TASK DESCRIPTION: In the records below, find the line containing "プレゼントフォーユーなぬいぐるみ』 (ちいかわ、ハチワレ、うさぎ) 📝11月21日発売" and the line containing "重磅利好 | 五部委联合发布《元宇宙产业创新发展三年行动计划》". Give again exactly those lines and every line between them, omitting the pictures.

PROVIDED ENTRIES:
= = =
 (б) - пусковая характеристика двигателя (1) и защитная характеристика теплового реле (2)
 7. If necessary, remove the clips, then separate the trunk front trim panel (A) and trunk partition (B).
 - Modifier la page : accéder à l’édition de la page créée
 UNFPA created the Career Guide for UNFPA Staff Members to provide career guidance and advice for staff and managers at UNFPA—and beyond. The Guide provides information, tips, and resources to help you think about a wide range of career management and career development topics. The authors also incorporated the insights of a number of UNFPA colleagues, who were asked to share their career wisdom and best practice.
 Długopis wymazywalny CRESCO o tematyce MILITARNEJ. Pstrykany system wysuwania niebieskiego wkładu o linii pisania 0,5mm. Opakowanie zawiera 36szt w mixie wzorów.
= = =
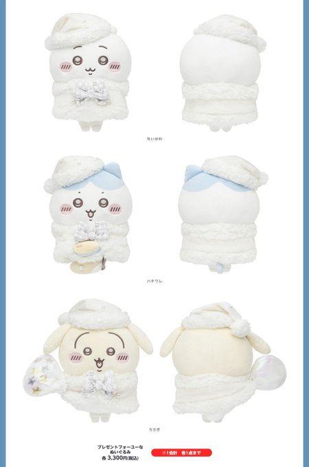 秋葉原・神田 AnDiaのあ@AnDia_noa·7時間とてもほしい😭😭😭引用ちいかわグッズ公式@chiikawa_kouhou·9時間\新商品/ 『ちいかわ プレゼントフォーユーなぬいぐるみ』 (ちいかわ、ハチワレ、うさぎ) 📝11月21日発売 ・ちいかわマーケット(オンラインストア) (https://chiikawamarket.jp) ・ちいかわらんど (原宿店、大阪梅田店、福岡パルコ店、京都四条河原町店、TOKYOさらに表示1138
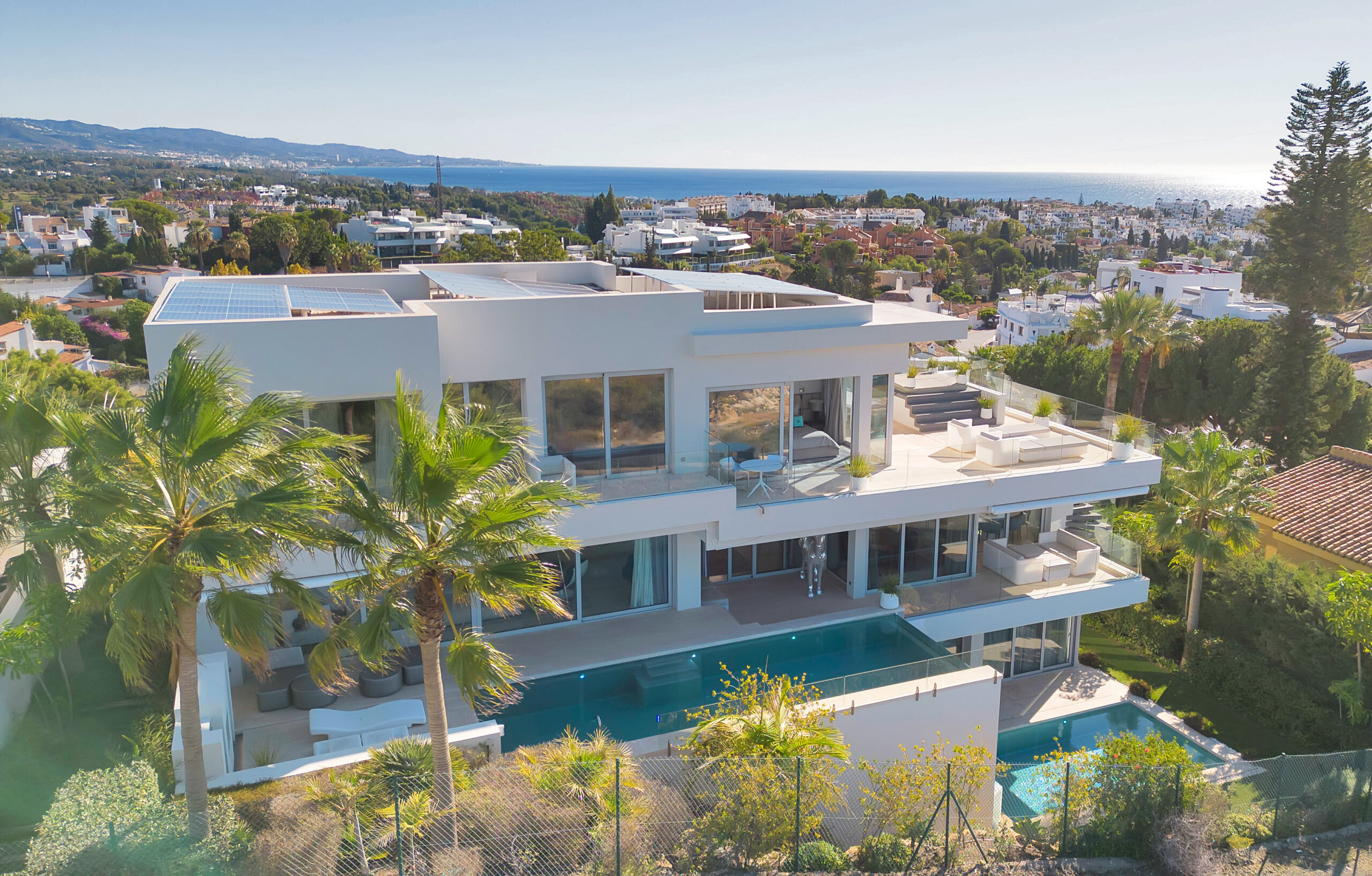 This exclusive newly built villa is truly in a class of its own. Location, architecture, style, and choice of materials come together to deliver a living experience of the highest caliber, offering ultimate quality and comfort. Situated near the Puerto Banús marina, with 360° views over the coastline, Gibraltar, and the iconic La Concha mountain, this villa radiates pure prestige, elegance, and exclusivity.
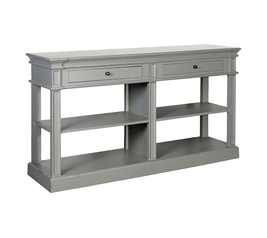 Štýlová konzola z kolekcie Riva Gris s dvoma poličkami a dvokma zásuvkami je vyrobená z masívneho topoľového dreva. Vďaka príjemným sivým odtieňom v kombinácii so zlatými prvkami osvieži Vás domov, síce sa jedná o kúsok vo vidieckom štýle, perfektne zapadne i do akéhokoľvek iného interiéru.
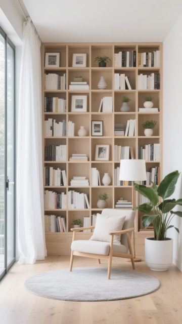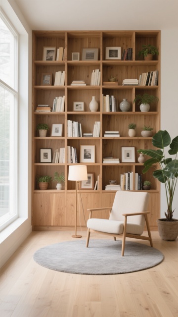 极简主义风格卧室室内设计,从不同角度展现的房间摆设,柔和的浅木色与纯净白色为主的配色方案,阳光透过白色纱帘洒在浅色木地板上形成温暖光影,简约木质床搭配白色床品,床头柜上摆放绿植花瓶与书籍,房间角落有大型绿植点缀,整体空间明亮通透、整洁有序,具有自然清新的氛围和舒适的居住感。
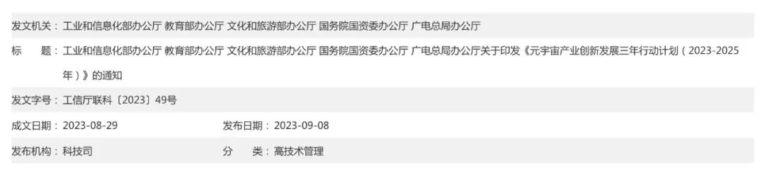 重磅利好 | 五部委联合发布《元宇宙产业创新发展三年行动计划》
= = =
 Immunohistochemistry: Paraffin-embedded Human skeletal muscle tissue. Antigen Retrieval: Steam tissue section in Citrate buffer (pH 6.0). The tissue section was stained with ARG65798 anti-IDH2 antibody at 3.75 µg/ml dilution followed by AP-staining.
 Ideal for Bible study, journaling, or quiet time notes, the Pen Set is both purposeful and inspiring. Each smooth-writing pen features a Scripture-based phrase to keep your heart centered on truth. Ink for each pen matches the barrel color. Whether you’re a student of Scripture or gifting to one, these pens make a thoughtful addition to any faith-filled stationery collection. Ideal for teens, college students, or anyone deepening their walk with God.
= = =
RESPONSE:
 秋葉原・神田 AnDiaのあ@AnDia_noa·7時間とてもほしい😭😭😭引用ちいかわグッズ公式@chiikawa_kouhou·9時間\新商品/ 『ちいかわ プレゼントフォーユーなぬいぐるみ』 (ちいかわ、ハチワレ、うさぎ) 📝11月21日発売 ・ちいかわマーケット(オンラインストア) (https://chiikawamarket.jp) ・ちいかわらんど (原宿店、大阪梅田店、福岡パルコ店、京都四条河原町店、TOKYOさらに表示1138
 This exclusive newly built villa is truly in a class of its own. Location, architecture, style, and choice of materials come together to deliver a living experience of the highest caliber, offering ultimate quality and comfort. Situated near the Puerto Banús marina, with 360° views over the coastline, Gibraltar, and the iconic La Concha mountain, this villa radiates pure prestige, elegance, and exclusivity.
 Štýlová konzola z kolekcie Riva Gris s dvoma poličkami a dvokma zásuvkami je vyrobená z masívneho topoľového dreva. Vďaka príjemným sivým odtieňom v kombinácii so zlatými prvkami osvieži Vás domov, síce sa jedná o kúsok vo vidieckom štýle, perfektne zapadne i do akéhokoľvek iného interiéru.
 极简主义风格卧室室内设计,从不同角度展现的房间摆设,柔和的浅木色与纯净白色为主的配色方案,阳光透过白色纱帘洒在浅色木地板上形成温暖光影,简约木质床搭配白色床品,床头柜上摆放绿植花瓶与书籍,房间角落有大型绿植点缀,整体空间明亮通透、整洁有序,具有自然清新的氛围和舒适的居住感。
 重磅利好 | 五部委联合发布《元宇宙产业创新发展三年行动计划》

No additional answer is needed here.